Я не хотел — пока это зависит от меня — тускнеть. Потому что встречал многих мужественных больных, любивших жизнь гораздо больше, чем те, чей жизненный горизонт еще не затянулся тучами. Главное — не сдаваться.
Теоретические разглагольствования…
Эрфурт — чужбина? Нет. Нежнейшая родина. Чужбина — по ту сторону горизонта.
Хотелось пить. Выпил что-то. Голода я не чувствовал, но знал, что пора перекусить. Купил сухарики. Сидел, похожий на привидение, на Соборной площади, среди припаркованных машин и мопедов. Наверняка даже улыбался.
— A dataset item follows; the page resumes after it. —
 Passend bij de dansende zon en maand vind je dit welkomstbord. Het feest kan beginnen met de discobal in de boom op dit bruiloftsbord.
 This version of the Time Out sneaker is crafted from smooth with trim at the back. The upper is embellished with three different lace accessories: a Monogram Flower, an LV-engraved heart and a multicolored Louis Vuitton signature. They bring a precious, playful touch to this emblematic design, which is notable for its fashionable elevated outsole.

У большинства жителей Тюрингии, жалующихся на трудности переходного периода, впереди совсем другое — по количеству лет — будущее, чем у меня. Они еще выпьют за наступление нового тысячелетия…
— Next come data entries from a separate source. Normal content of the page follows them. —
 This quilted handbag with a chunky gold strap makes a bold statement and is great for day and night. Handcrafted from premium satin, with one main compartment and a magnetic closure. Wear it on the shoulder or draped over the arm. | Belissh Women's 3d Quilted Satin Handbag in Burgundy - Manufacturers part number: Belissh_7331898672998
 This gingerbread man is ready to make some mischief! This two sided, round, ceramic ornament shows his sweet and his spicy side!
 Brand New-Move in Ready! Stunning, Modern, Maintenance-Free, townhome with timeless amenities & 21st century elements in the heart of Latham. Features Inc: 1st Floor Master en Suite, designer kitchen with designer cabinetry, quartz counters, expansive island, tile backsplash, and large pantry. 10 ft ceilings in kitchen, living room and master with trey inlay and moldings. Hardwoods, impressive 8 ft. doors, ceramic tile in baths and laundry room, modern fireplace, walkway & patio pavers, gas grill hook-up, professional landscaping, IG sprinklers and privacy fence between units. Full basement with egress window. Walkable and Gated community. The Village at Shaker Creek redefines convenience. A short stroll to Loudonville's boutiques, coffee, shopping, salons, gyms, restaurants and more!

Заночевал я в Эрфурте, благо инфекция пощадила мое лицо и руки. Бежать отсюда не имело смысла. Гостиничный номер, через окна которого врывался грохот трамвая, был вполне подходящим местом, чтобы вместить мои тревоги, страхи, обрывки снов. И даже мысль о завтраке: гэдээровском бутерброде на тарелке с логотипом «Mitropa».[209]
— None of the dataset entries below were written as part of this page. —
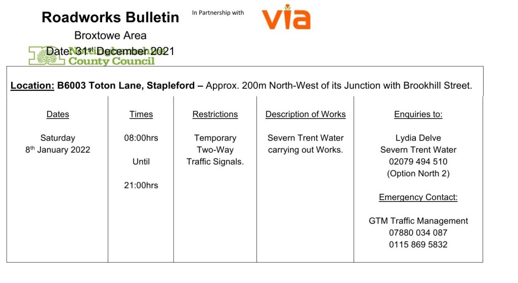 Roadworks Bulletin – Temporary Traffic Signals – B6003 Toton Lane, Stapleford. 31Dec 2021Add a comment Roadworks Bulletin – Temporary Traffic Signals – B6003 Toton Lane, Stapleford. Share this:Tweet Click to share on WhatsApp (Opens in new window) WhatsApp Click to email a link to a friend (Opens in new window) Email Like Loading... Related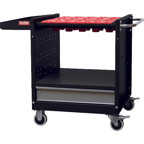Catalog number: NTW-4B1D-BT40-BK Features: ● Tool holder bench can rotate up to 25 degrees, making it a touring wagon that is easy to store and take out. Uses: ● For efficient storage of touring tools. Specifications: ● Maximum load capacity (kg/unit): 200 ● Number of storage holders: TW-BT-40 28 pieces ● Color: Black ● Width (mm): 1002 ● Depth (mm): 650 ● Height (mm): 810 ● Uniform load capacity (kg/tier): 25 ● Caster diameter (mm): 100 ● Holder color: Red ● Main body: Black ● BT-40: 28 units ● BT-30 ● BT-50 ● HSK-63 ● PP caster 100mm ● Drawer inner dimensions: W300 x D515 x H94mm Material/Finish: ● Main body: Steel ● Holder: ABS resin ● Caster: Polypropylene Set contents/Accessories: ● 2 keys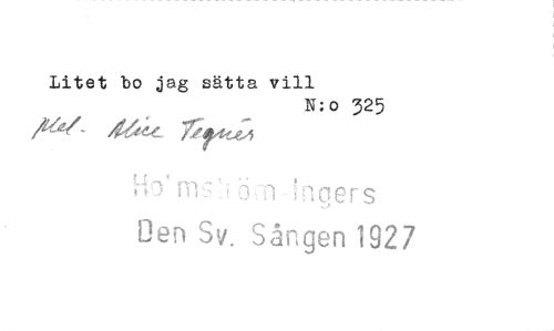 //// Litet bo jag sätta vill //// N:o 325 //// r.iners //// Den Sv. Sången 1927 ////

На следующее утро, измученный лихорадкой и страхом, я все же потащился в замок Вайсенфельс на реке Заале. Именно там когда-то открыли музыкальное дарование мальчика, игравшего на органе в капелле, — Георга Фридриха Генделя. В пространстве замка к жизни моей добавился еще один прекрасный момент. Музыка Генделя — с тех пор как я, будучи подростком, случайно ее услышал — стала для меня вторым позвоночником. Ее отчетливые структуры, поразительные мелодические вариации бессчетное число раз очищали и укрепляли мой дух. Гендель правдоподобно соединил в одно целое многообразный земной мир, душевные потрясения и Бога, незримо управляющего всем этим. Генделевские звуки всегда значили для меня: «Входи, здесь возносят хвалы и жалобы».
Теперь замковая капелла использовалась под угольный склад.
Поскольку ни сторожей, ни посетителей не было, я сам распахнул двери старинной герцогской резиденции.[210] И нашел опустевший спальный покой одного из здешних правителей.
Сотрясаемый ознобом, хотя стояло лето, поехал я назад в Мюнхен. С помощью аспирина подавил это недомогание, оцененное мною как первое проявление болезни. Но очень скоро, думал я, мне так или иначе придется пойти к врачу, то есть выслушать, не моргнув глазом, смертный приговор.
Сегодня мне легче говорить о своих тогдашних переживаниях, поскольку медицина добилась значительных успехов и смерть ВИЧ-инфицированного — в Европе — перестала быть абсолютной неизбежностью.